🤖 AI Summary
Existing computer vision research on face-to-face teaching interactions in co-located physical spaces is hindered by data scarcity and insufficient analytical methodologies. Method: We introduce the first first-person, multimodal instructional video dataset—capturing speech, visual cues, and behavioral signals—and establish a novel multimodal benchmark for co-located teaching through fine-grained, dual-dimensional annotations: procedural step segmentation and dialogue state classification. We propose an end-to-end multimodal large language model (MLLM) framework that jointly processes image, audio, and text inputs, and comparatively evaluate it against task-specific models.
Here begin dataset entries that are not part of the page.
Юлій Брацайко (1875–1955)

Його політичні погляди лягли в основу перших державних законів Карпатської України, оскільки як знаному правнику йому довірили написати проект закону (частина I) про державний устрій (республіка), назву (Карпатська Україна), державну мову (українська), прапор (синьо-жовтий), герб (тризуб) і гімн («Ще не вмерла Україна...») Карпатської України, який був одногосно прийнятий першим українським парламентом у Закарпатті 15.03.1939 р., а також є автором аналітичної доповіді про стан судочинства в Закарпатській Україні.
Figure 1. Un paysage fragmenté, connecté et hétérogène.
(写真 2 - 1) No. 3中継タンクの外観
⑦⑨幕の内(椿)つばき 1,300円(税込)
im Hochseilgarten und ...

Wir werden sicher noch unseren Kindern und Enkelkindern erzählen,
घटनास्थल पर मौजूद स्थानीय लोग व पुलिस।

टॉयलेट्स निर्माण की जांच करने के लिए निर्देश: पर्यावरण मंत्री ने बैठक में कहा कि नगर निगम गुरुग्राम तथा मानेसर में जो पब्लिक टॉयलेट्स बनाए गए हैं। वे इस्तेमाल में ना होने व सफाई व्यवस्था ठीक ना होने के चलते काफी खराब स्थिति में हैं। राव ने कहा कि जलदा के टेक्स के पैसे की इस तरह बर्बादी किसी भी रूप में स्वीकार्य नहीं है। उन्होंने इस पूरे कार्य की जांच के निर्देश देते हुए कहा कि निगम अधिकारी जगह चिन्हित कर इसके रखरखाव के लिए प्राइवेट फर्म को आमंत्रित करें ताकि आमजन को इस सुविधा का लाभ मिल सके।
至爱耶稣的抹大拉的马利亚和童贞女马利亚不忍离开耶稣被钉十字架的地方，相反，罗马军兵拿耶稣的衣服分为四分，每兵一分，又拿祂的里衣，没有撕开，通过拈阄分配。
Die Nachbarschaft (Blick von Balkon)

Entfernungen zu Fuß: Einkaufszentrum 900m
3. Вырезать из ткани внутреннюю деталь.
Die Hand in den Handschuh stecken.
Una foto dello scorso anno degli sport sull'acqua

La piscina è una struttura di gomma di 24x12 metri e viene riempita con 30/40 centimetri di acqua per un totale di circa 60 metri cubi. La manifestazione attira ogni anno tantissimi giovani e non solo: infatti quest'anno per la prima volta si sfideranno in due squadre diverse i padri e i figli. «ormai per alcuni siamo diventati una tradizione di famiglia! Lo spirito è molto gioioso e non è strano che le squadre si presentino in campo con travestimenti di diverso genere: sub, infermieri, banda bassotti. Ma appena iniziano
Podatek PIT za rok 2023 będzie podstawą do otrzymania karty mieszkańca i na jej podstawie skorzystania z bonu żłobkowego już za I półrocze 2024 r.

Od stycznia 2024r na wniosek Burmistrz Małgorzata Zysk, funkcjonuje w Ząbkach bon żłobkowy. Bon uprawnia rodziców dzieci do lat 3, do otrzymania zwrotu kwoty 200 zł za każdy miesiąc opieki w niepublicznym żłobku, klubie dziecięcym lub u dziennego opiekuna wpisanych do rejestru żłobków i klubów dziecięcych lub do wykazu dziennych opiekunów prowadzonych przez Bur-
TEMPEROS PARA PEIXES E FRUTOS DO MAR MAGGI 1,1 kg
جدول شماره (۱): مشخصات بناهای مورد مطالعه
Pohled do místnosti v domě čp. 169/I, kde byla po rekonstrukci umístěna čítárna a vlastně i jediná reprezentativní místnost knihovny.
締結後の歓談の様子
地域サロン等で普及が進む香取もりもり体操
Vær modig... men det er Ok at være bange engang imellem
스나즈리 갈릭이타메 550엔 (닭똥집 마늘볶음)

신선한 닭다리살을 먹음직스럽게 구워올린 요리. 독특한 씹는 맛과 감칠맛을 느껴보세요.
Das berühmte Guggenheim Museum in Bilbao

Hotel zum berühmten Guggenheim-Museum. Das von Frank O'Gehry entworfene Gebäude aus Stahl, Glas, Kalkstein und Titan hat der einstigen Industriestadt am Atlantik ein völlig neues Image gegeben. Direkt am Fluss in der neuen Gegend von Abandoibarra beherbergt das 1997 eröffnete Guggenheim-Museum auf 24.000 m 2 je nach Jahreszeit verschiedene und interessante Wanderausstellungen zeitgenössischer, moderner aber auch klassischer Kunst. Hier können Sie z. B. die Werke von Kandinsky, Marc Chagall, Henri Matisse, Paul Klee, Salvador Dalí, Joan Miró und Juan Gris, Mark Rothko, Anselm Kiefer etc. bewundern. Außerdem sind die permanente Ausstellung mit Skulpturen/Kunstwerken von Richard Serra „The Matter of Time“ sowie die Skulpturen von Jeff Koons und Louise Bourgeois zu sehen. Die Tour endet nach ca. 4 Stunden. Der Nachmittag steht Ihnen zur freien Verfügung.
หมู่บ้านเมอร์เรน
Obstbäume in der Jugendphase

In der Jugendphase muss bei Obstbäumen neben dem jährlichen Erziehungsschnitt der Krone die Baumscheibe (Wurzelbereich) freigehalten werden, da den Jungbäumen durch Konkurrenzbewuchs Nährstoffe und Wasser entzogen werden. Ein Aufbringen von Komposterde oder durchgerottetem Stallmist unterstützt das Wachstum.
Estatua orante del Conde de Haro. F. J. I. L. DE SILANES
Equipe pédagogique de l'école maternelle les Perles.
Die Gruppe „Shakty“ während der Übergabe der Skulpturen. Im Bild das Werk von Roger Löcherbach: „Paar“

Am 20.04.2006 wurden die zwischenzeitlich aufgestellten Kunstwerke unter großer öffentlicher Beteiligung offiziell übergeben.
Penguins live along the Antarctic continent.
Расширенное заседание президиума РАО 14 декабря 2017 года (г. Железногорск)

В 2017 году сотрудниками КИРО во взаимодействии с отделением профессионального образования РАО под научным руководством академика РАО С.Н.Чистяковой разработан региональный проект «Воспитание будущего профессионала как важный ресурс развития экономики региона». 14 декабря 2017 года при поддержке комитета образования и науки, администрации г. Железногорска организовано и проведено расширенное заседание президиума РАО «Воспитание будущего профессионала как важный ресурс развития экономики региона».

Results: Our experiments demonstrate that zero-shot MLLMs significantly outperform specialized models on core tasks—without fine-tuning—validating their strong generalization capability for holistic understanding of pedagogical processes. This work establishes a new paradigm for analyzing educational interactions in shared physical environments.
📝 Abstract
Analyzing instructional interactions between an instructor and a learner who are co-present in the same physical space is a critical problem for educational support and skill transfer. Yet such face-to-face instructional scenes have not been systematically studied in computer vision. We identify two key reasons: i) the lack of suitable datasets and ii) limited analytical techniques. To address this gap, we present a new egocentric video dataset of face-to-face instruction and provide ground-truth annotations for two fundamental tasks that serve as a first step toward a comprehensive understanding of instructional interactions: procedural step segmentation and conversation-state classification. Using this dataset, we benchmark multimodal large language models (MLLMs) against conventional task-specific models. Since face-to-face instruction involves multiple modalities (speech content and prosody, gaze and body motion, and visual context), effective understanding requires methods that handle verbal and nonverbal communication in an integrated manner. Accordingly, we evaluate recently introduced MLLMs that jointly process images, audio, and text. This evaluation quantifies the extent to which current machine learning models understand face-to-face instructional scenes. In experiments, MLLMs outperform specialized baselines even without task-specific fine-tuning, suggesting their promise for holistic understanding of instructional interactions.